Gelateria Nico on the Zattere
The only downside of a luxurious lunch was I had no interest in dinner. Instead, that evening I took a walk to Campo Santa Margherita, site of our favorite dive bar during my college days. It had changed names and was populated only by two sullen old men, so I kept walking towards a light at the south end of the square. The shining beacon was a lively bookstore, Libreria Marco Polo. There was a small English-language section and it seemed the right time to make a start on the Ferrante Neapolitan quartet. I bought My Brilliant Friend and a turquoise library bag bearing the shop’s name in red. On my way home I stopped in Cantine del Vino già Schiavi again for a glass of red wine.
I had saved a visit to Peggy Guggenheim’s small but perfect collection of twentieth-century art for my final morning in Venice. The house where I had lived during college was next door to the museum, and I had visited weekly on the evening it was free to students. By the time I left, I had memorized the walls. It was, then, a relief to find the first room hung exactly as I remember it with my favorite, Magritte’s Empire of Light, retaining pride of place on the back wall. I have always been a sucker for his literal surrealism—it appeals to my left brain—and I had it all to myself in the opening minutes of the gallery.
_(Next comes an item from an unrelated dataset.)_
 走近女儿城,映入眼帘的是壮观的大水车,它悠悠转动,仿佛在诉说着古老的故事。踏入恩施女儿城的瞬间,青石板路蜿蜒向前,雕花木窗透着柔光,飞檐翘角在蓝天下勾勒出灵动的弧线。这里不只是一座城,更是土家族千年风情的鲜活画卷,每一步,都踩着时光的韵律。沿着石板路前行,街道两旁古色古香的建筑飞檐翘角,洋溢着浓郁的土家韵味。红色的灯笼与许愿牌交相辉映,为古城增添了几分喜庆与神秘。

Next I lingered on a couch with Jackson Pollock and hunted down the Joseph Cornell Wunderkammer that had moved from its former location in the hall. When I finally found it I also found something new: a Max Ernst collage with an inscription explaining it was about the Postman Cheval, a French postman who built a Palais Idéal from found materials in his spare time over the course of 33 years. I had never heard of Cheval and was intrigued. As with Morris and Fortuny, this was a new piece of silk in my cultural web: a thread to follow beyond Venice—perhaps to the palace in Hauterives one day—but one that will forever be, in my head, connected to this city.
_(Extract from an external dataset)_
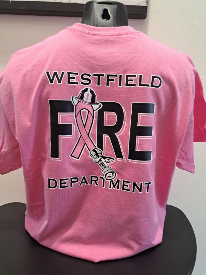 One example is our recent project with the Westfield Fire Department, who partnered with us to create pink heat press shirts for their personnel. These shirts not only stand out visually but also carry an important message: that the department stands with those fighting breast cancer and remembers those lost.

Although the weather didn’t call for it, I ordered a Campari spritz in the museum café, along with a timbale of vegetables from the nearby island of Saint Erasmus. It was only 11:00AM, but I wanted a last meal in Venice before heading back to the hotel and then the water taxi awaiting me next to the Accademia Bridge.
Leaving in style
This mode of transport isn’t cheap—it costs €100 more than the Alilaguna boat—but it is an instant mood booster. It’s also a threefer: you get a ride along the Grand Canal, then alongside gondolas through an interior canal that cuts across the ankle of Venice, and finally across the lagoon to the airport at full bore. It also saves an hour on the Alilaguna, so I looked at it as buying an extra hour on my last day. It still felt like I was leaving too soon, but, as the saying goes, best to leave the party while you’re still having fun.